Practical Applications Breakout: IVC Managers

Tommy Bearden is still preaching the EASY ACCESS. Easy Access is NOT the tech person bringing you a unit when you need to do a program. It’s having easy access to a unit in your building ALL the time. We have to get there. If you’re just starting, put it in the elementary

If you want to be successful with shared classes, PAY the teacher well. Teaching over VC is a “pain in the posterior” (Tommy’s words), and they need to be compensated properly. Tommy recommended his document onsite for Recommended Fees. You can hire the teacher at the service center, or get the small districts to co-op their position.

Two districts with the BEST units, and they don’t use it and don’t use it. Everyone has districts that aren’t using it.

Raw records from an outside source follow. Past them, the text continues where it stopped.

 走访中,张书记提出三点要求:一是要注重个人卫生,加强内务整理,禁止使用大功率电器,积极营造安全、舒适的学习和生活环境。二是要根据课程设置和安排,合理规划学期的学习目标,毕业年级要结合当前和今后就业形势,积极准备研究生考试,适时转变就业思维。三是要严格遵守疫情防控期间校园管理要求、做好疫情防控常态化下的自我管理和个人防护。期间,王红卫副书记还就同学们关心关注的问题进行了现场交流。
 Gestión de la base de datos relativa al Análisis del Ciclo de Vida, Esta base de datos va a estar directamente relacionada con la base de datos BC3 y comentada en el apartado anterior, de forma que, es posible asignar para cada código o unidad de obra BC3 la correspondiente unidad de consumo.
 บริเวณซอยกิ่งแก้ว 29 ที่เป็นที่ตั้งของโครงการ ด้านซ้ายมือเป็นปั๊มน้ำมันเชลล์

The best way to get three to five teachers involved, have them do a highly interactive program like Gadget Works, and make sure other teachers see it, and tell about it in the school. Make sure they get the packet out and make sure the students are prepared. After training, look for that one excited person and get them hooked and they are the champion. They are the ones who stay after training and talk to you. They are the people to cultivate. If you have something free, send it to them. Then they start hooking in the other teachers.

Donna Weber, Euclid, OH, talked about Read Around the Planet hooked the teachers on videoconferencing and how they’ve been using it since.

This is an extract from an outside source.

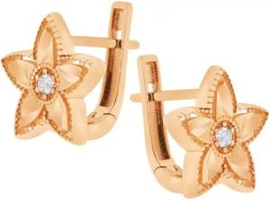 Golders Blumen Ohrringe aus 585 Rotgold mit Zirkonia, Echtgold Ohrhänger Damen

It’s interesting how many teachers hooked on VC are loving VC, even in the face of so many test calls, and want their districts to create a position to support videoconference. The time is a huge issue for these building coordinators.

Regional coordinators shared how they try to make VC as “painless as possible for teachers.” This is a critical goal we all agree on!

Sidenote: I always wonder when we give numbers – we do x VCs a year. What’s the context? compared to how many units? i.e. x events / unit average; or by number of teachers. So we can put it in context to compare.

One technology teacher shared that she has 3 30 min. periods a week to support tech in the building and coordinate videoconferencing.

Bearden-ism for high school classes. Teachers go through five stages of (death & grief): 1st before school starts is excitement. They better be your best teachers. 2nd before school starts, hesistation right before school starts. 3rd is frustration. And this is where you’d better be there to help them. 4th acceptance. Hey this isn’t so bad. Hey I got paid some money to do this. The 5th is excitement again. This isn’t research based. If they don’t get past that frustration stage, they won’t come back next year. They will all go through these stages the first year.

As you move into collaborations – you need to get them some equipment: a digital camera, a camcorder. They do stuff on their community – they go out & capture video & pictures and share it with community. Give the equipment to share that stuff. Make sure they have good microphone – like a bluetooth wireless microphone – to help them put their stories together. Don’t buy your camera from WalMart – get one that you can plug an extra mic into.  Give your kids good equipment that you can use to do the collaborative projects.

Tommy shared a story of a state that gave detailed quiz questions on their own state to another state. Those kids couldn’t answer the questions. Think carefully about what will fit well for the other kids in your presentation!

Dual credit hooks the parents. One person didn’t agree and said it doesn’t work in their state. There has to be a state level commitment to it.

Dale Hilton is working on a project with two 3rd grade classes in Ohio on a coin project. They are presenting about the coins they have in their collection and the kids are designing a coin that represents their community. Isn’t that cool!?

Sidenote: We have to remember that content providers are non-profit organizations, and of course we want free stuff; but they need to cover at least SOME of the cost of providing content. None of them are making money on this!!!!

Tommy’s suggestion – see where your kids are doing not so good on the TAKS test – do a project where your kids teach that topic to other kids within the state. They’ll learn it better!

Hey – the Los Angeles County Museum of Art is up and running with VC!

Tommy – distance learning systems installed where no one is using it is an expensive dust collector.

Tommy – You can’t train them on it without giving them something to DO with it.

Tommy told a kid about two teachers pulling teeth to get the high school kids to talk. It was very hard. Then one of the TX kids asked the NY kids, were any of you affected by 9/11? Half the kids raised their hands. Then she said, we were watching that on TV and we were praying for you. NY: What do you mean you were watching us? What is six man football? Tell us about the ocean. What are ships like? All of a sudden the kids were talking like crazy. It had NOTHING to do with ART, but it was good stuff. Let the kids be kids. Let them talk to each other!

Easy access is also them knowing how to run it themselves and do their own connections.

When you’re thinking of where to put it – if you’re doing classes, at the high school. If you’re using it for curriculum activities, put it in the elementary schools as they will use it the most if they have EASY ACCESS.

Interesting idea – media specialist walks around the building and relieves teachers for 5-10 minutes so they can go down and see what’s going on in the videoconference.

What is everyday and mundane to you is so exciting and new to me. It will fit your curriculum and your educational standards and you can teach it to us so our kids can learn about, for example, the Mississippi River, or the kid’s dad cowboy. “I want someone from a city like NY to tell my kids that a subway is not a sandwich.”